▶
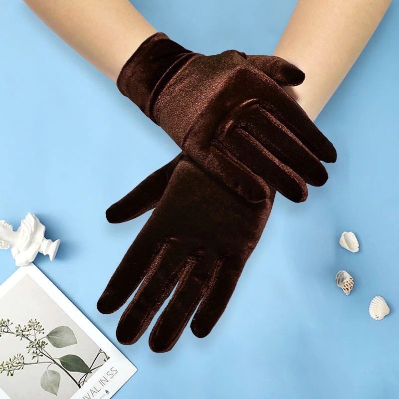 Guanti Corti In Velluto Opera Per Donna 1920S Flapper Elastico Lunghezza Polso Guanti Da Banchetto Tea Party Guanti In Costume Di Halloween
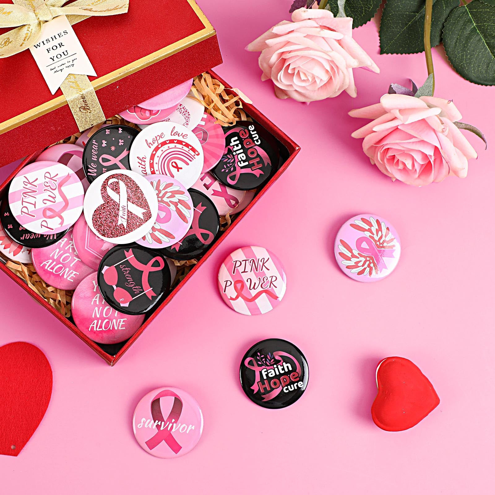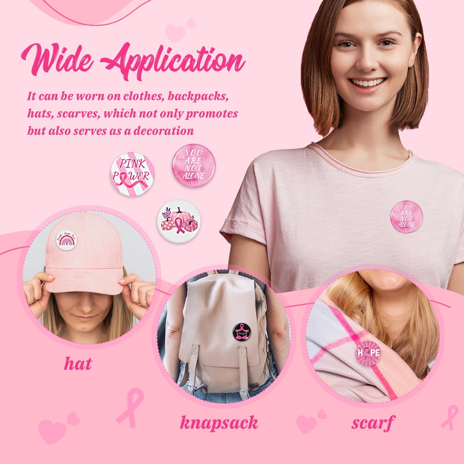 [Applicable Occasions] Our breast cancer awareness buttons pins are suitable for charity activities, community welfare events, breast cancer awareness programs, and more. Our breast cancer awareness accessories can be distributed as activity gifts to encourage group participation, promote care for women, and raise awareness about breast cancer protection
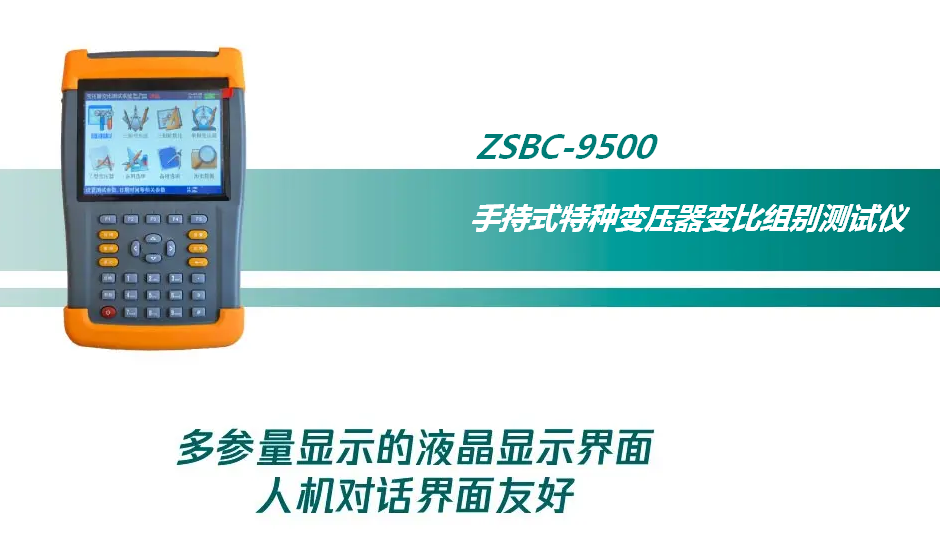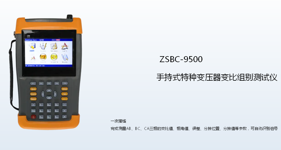 4、我公司自主开发、研制生产的ZSBC-9500 手持式特种变压器变比组别测试仪除具有完全根据用户的现场使用要求,操作简便,功能完备,数据稳定可靠的特点外还是国内到目前为止第一款可以进行盲测(不知道被测变压器的联结方式及组别的情况下准确测量)、测试主变并列运行状态的变压器变比组别测试仪;手持式特种变压器变比组别测试仪从根源上测试变压器并列运行的测试问题,能适应各种大中小型变压器变比测试的需要,是到目前为止国内变比测试中技术先进,测试项目完善,测量参数全面的手持式特种变压器变比组别测试仪。
◀
§ **WHAT THE EXERCISE ASKS**
Leave the pictures out and restate the listing word for word.

§ **THE COMPLETED TASK**
 Guanti Corti In Velluto Opera Per Donna 1920S Flapper Elastico Lunghezza Polso Guanti Da Banchetto Tea Party Guanti In Costume Di Halloween
 [Applicable Occasions] Our breast cancer awareness buttons pins are suitable for charity activities, community welfare events, breast cancer awareness programs, and more. Our breast cancer awareness accessories can be distributed as activity gifts to encourage group participation, promote care for women, and raise awareness about breast cancer protection
 4、我公司自主开发、研制生产的ZSBC-9500 手持式特种变压器变比组别测试仪除具有完全根据用户的现场使用要求,操作简便,功能完备,数据稳定可靠的特点外还是国内到目前为止第一款可以进行盲测(不知道被测变压器的联结方式及组别的情况下准确测量)、测试主变并列运行状态的变压器变比组别测试仪;手持式特种变压器变比组别测试仪从根源上测试变压器并列运行的测试问题,能适应各种大中小型变压器变比测试的需要,是到目前为止国内变比测试中技术先进,测试项目完善,测量参数全面的手持式特种变压器变比组别测试仪。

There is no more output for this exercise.